Combining Gene Expression and Molecular Marker Information for Mapping Complex Trait Genes: A Simulation Study

M. Pérez-Enciso, D. Gianola, M. TENENHAUS, M. A. Toro


2003, vol. 164, pp.1597-1606

Départements : Economie et Sciences de la décision

A method for mapping complex trait genes using cDNA microarray and molecular marker data jointly is presented and illustrated via simulation. We introduce a novel approach for simulating phenotypes and genotypes conditionally on real, publicly available, microarray data. The model assumes an underlying continuous latent variable (liability) related to some measured cDNA expression levels. Partial least-squares logistic regression is used to estimate the liability under several scenarios where the level of gene interaction, the gene effect, and the number of cDNA levels affecting liability are varied.
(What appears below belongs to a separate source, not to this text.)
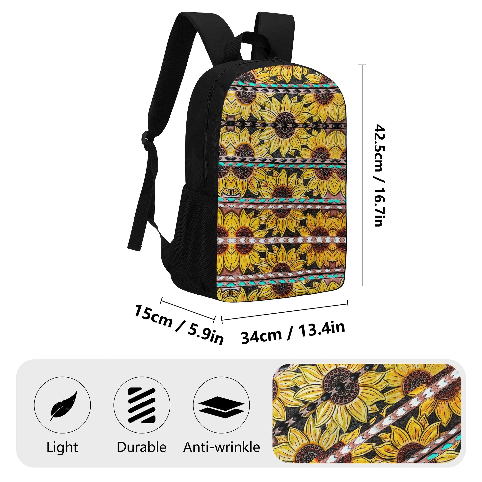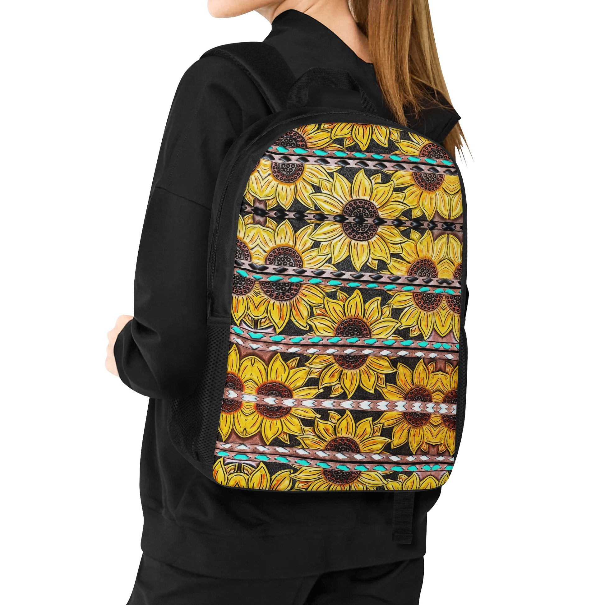 Tooled Sunflower Printed 17 Inch Laptop Backpack
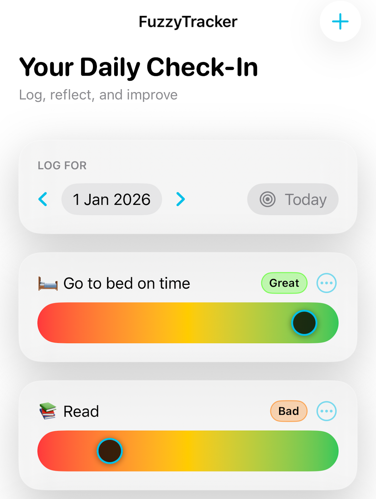 Life isn’t binary. Fuzzy Tracker lets you score your day on a spectrum — so you can keep momentum, see real progress, and stop feeling “all or nothing” when you miss a day.

The results suggest that: (1) the usefulness of microarray data for gene mapping increases when both the number of cDNA levels in the underlying liability and the QTL effect decrease and when genes are coexpressed; (2) the correlation between estimated and true liability is large, at least under our simulation settings; (3) it is unlikely that cDNA clones identified as significant with partial least squares (or with some other technique) are the true responsible cDNAs, especially as the number of clones in the liability increases; (4) the number of putatively significant cDNA levels increases critically if cDNAs are coexpressed in a cluster (however, the proportion of true causal cDNAs within the significant ones is similar to that in a no-coexpression scenario); and (5) data reduction is needed to smooth out the variability encountered in expression levels when these are analyzed individually.